▶ Entries provided:
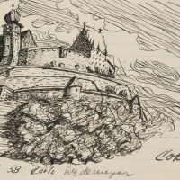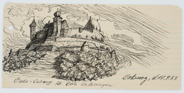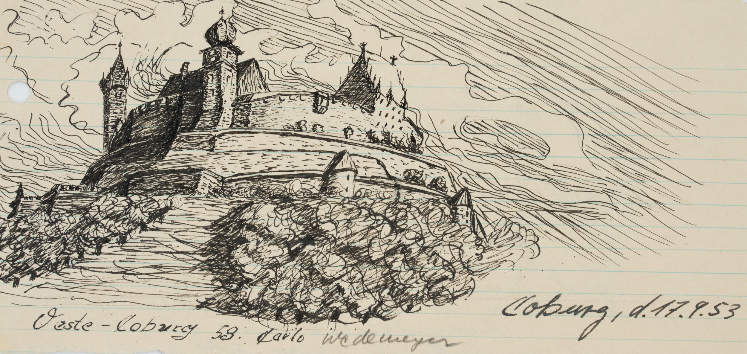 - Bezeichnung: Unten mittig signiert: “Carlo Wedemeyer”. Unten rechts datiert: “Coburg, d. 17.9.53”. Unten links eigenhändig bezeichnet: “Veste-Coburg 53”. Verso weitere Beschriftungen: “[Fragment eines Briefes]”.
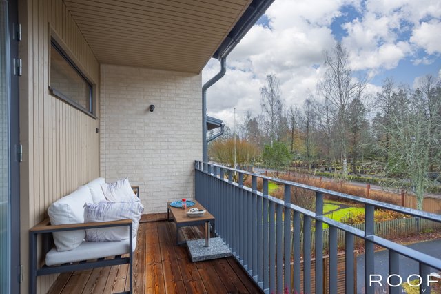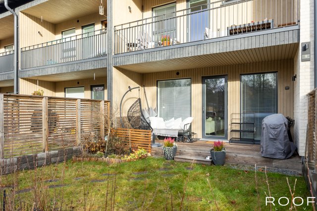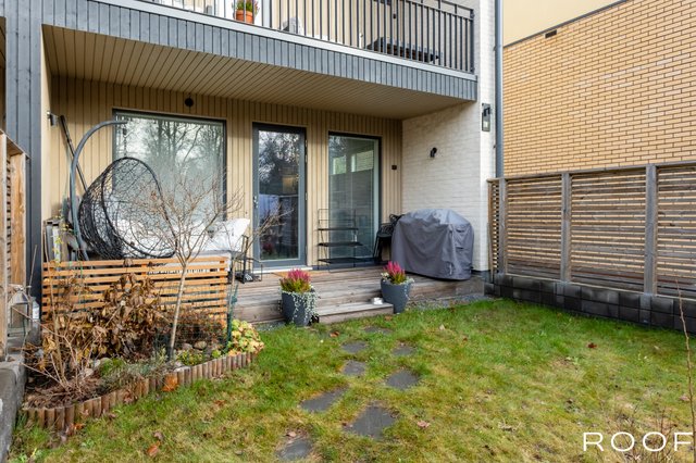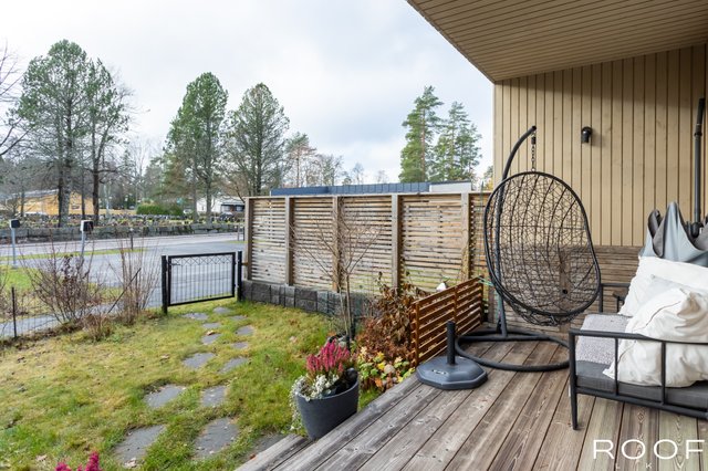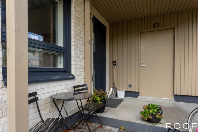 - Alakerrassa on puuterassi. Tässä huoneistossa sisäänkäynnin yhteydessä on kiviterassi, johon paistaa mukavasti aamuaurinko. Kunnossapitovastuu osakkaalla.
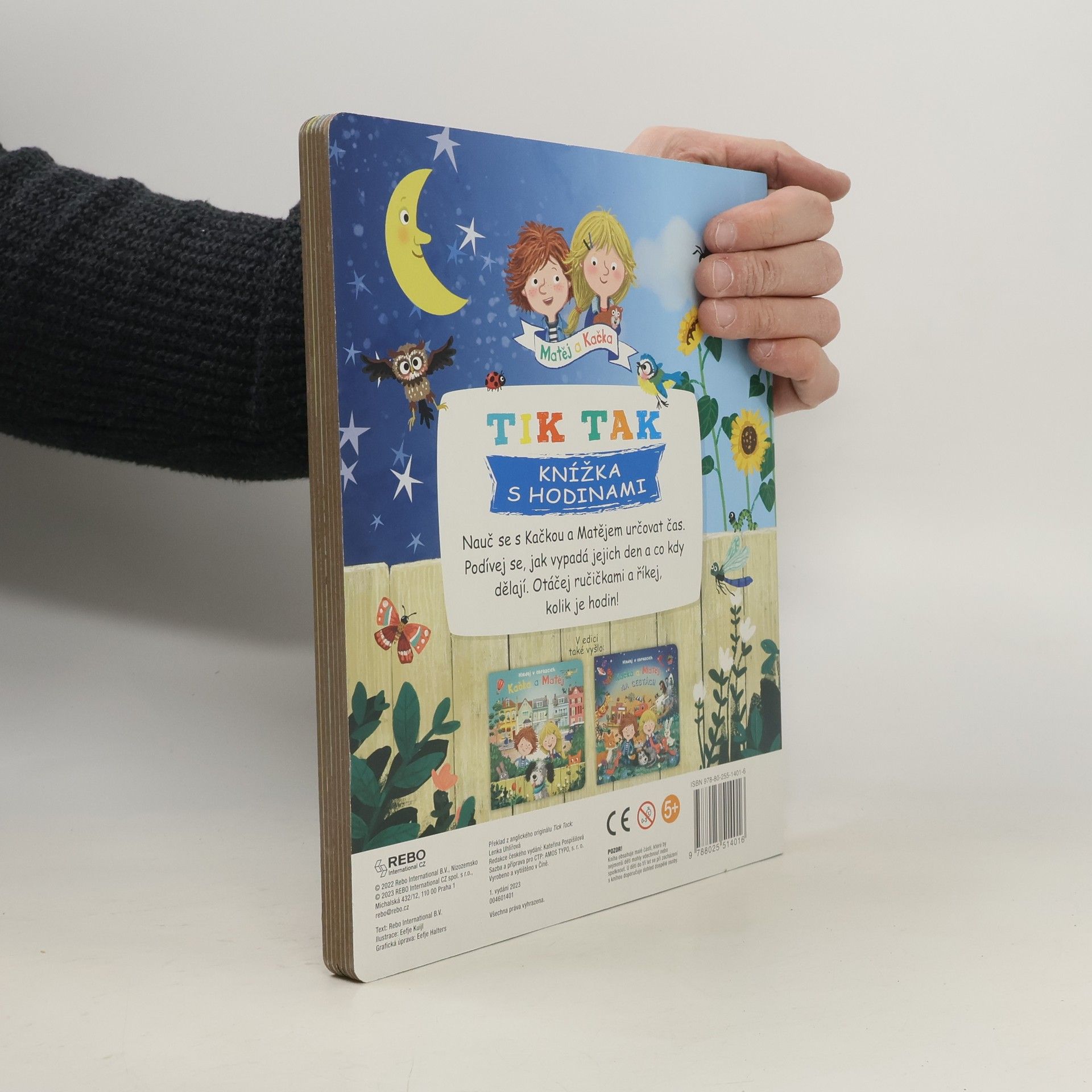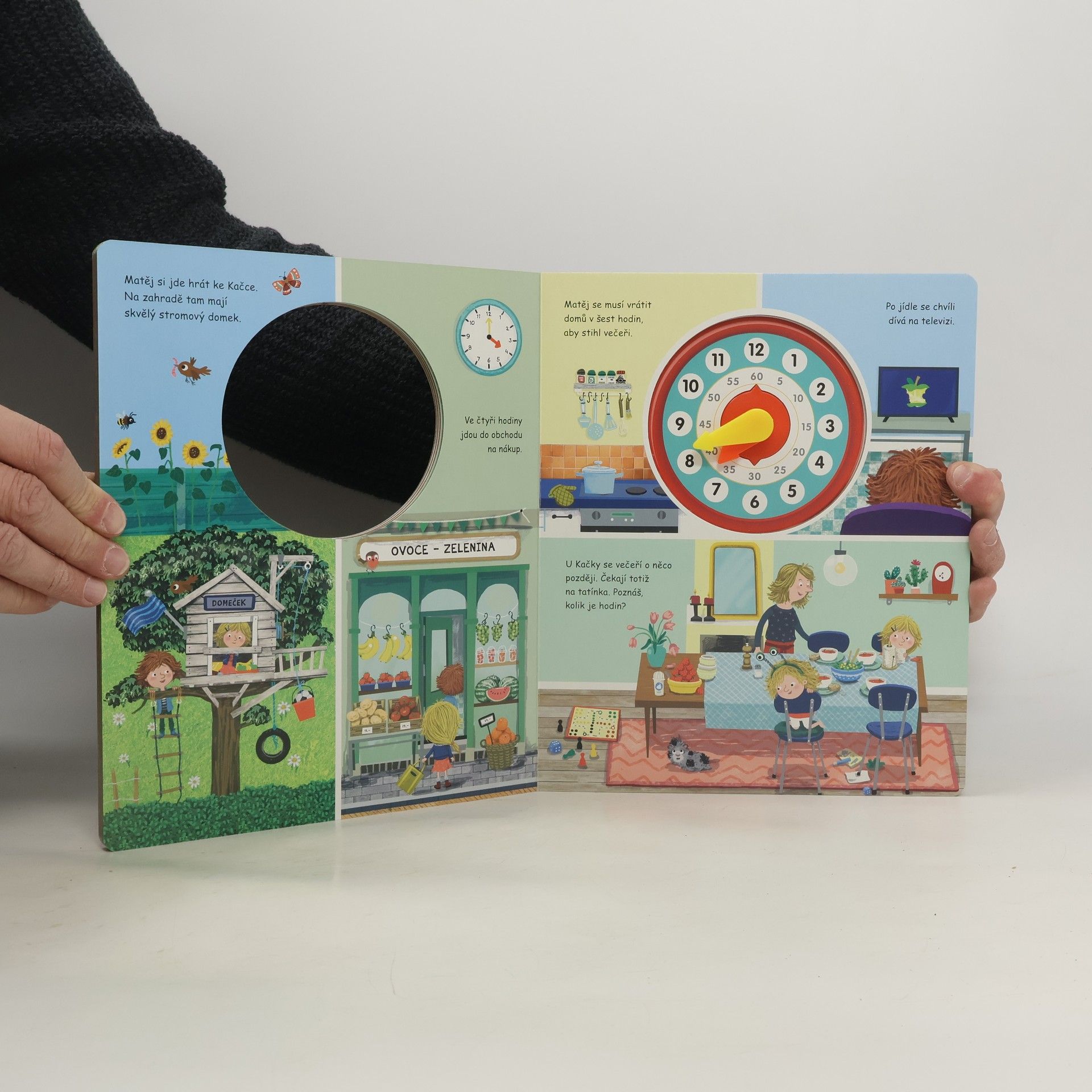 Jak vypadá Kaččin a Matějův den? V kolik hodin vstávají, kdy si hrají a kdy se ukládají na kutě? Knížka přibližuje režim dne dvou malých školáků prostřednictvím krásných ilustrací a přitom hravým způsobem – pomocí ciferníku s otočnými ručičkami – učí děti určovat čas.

...

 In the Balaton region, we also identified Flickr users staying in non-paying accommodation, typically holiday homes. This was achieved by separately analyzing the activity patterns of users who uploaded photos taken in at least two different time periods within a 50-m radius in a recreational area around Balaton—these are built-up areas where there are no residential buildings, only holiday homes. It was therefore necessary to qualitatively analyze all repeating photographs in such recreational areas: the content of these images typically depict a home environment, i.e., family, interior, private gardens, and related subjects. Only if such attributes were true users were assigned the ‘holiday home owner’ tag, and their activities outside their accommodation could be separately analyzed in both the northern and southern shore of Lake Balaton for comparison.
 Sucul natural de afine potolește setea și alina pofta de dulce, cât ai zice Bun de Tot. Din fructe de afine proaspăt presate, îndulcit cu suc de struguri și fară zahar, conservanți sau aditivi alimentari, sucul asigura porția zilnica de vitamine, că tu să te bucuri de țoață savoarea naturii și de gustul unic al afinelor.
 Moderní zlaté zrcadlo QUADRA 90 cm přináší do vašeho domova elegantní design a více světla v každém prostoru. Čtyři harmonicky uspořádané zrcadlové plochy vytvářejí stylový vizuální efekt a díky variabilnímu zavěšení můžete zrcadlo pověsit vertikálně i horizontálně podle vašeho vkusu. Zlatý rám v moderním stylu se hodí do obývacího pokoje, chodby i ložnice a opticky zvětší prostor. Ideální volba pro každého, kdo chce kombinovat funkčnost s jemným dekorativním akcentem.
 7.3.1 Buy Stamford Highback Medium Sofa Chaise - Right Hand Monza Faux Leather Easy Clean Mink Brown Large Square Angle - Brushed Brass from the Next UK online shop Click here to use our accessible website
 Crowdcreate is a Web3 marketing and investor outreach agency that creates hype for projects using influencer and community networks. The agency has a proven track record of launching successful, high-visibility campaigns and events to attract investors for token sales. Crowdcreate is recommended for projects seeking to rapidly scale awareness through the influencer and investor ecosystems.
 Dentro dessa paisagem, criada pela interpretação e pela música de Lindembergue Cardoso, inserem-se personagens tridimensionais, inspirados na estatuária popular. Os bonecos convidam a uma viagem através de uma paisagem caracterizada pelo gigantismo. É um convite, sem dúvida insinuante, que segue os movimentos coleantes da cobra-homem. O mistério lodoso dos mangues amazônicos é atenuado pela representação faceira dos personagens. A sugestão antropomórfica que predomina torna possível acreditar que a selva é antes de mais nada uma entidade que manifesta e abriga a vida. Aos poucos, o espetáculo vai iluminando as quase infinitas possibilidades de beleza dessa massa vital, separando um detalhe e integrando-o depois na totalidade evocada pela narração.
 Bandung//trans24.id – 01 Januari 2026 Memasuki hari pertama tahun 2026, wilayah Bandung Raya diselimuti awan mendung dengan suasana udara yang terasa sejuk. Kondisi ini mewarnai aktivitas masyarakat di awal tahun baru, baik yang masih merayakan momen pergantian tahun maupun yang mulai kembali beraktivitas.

==

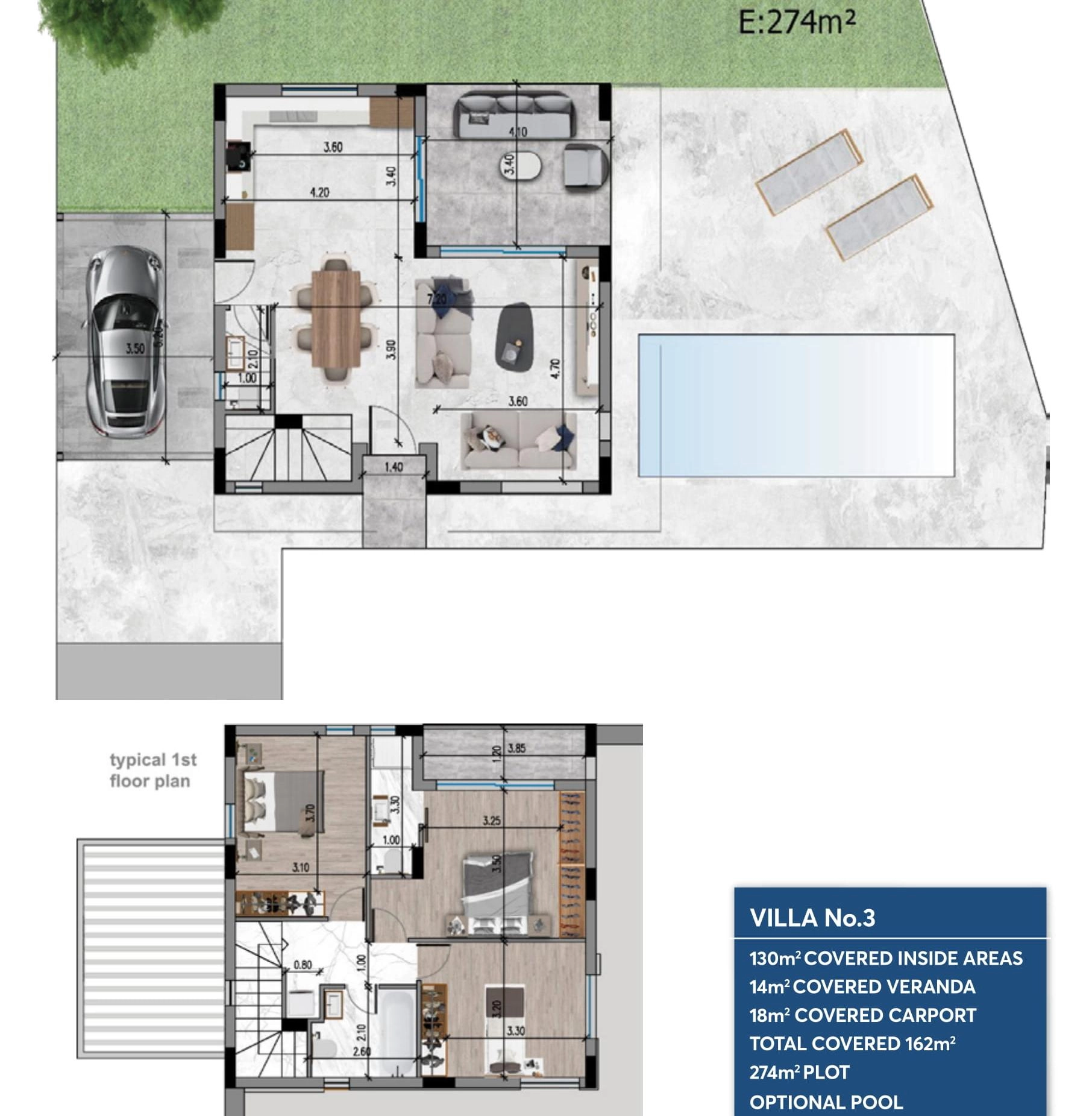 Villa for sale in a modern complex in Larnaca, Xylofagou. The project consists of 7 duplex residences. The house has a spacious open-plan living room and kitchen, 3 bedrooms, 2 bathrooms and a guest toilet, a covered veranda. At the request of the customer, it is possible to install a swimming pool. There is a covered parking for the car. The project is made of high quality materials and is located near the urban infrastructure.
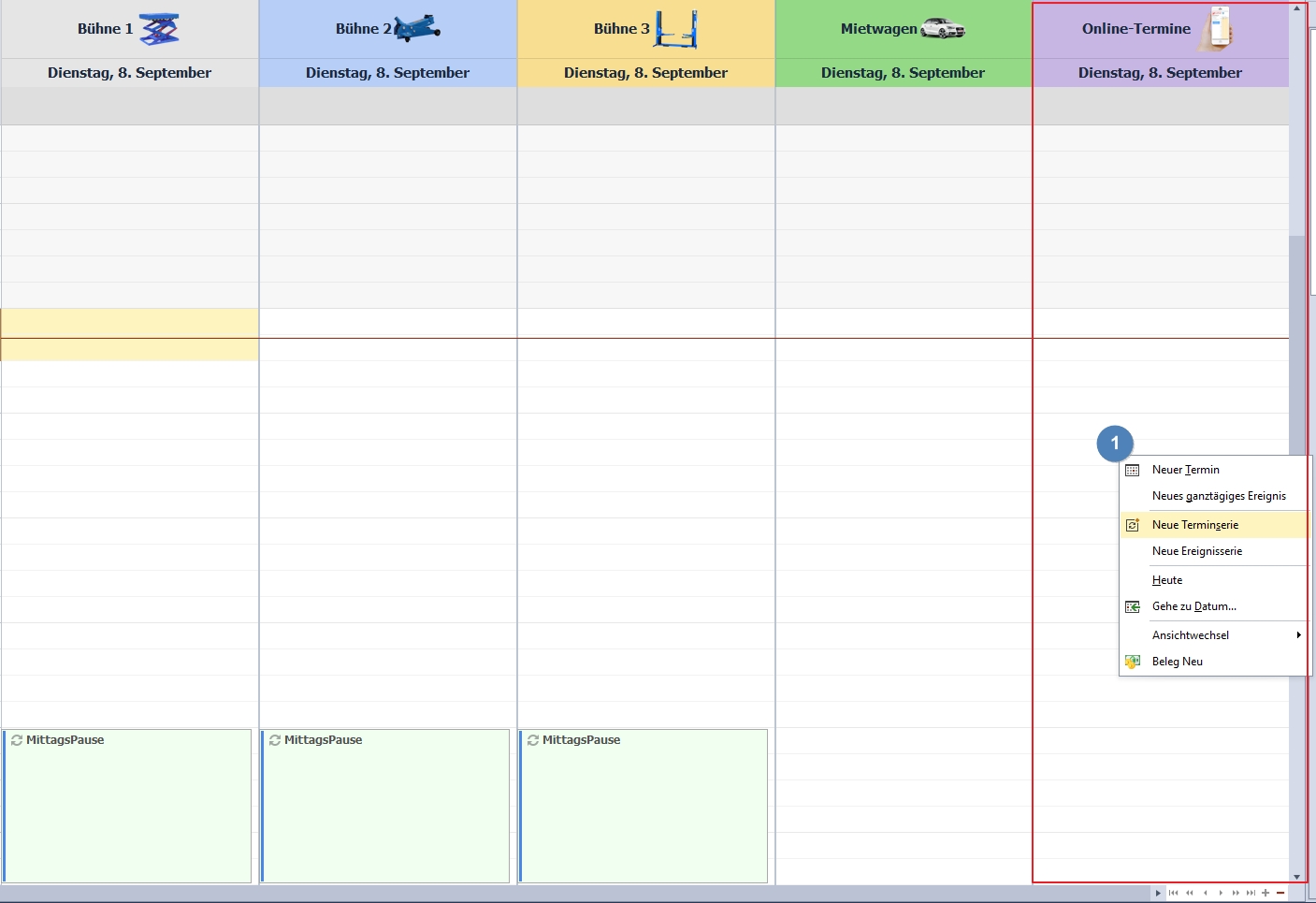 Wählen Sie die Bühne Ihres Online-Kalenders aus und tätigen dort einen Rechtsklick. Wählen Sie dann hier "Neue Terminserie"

▶ Your task:
Your answer must be everything above from the line with "- Bezeichnung: Unten" down to the line with "Jak vypadá Kaččin", word for word, and no pictures.

▶ Response to this task:
 - Bezeichnung: Unten mittig signiert: “Carlo Wedemeyer”. Unten rechts datiert: “Coburg, d. 17.9.53”. Unten links eigenhändig bezeichnet: “Veste-Coburg 53”. Verso weitere Beschriftungen: “[Fragment eines Briefes]”.
 - Alakerrassa on puuterassi. Tässä huoneistossa sisäänkäynnin yhteydessä on kiviterassi, johon paistaa mukavasti aamuaurinko. Kunnossapitovastuu osakkaalla.
 Jak vypadá Kaččin a Matějův den? V kolik hodin vstávají, kdy si hrají a kdy se ukládají na kutě? Knížka přibližuje režim dne dvou malých školáků prostřednictvím krásných ilustrací a přitom hravým způsobem – pomocí ciferníku s otočnými ručičkami – učí děti určovat čas.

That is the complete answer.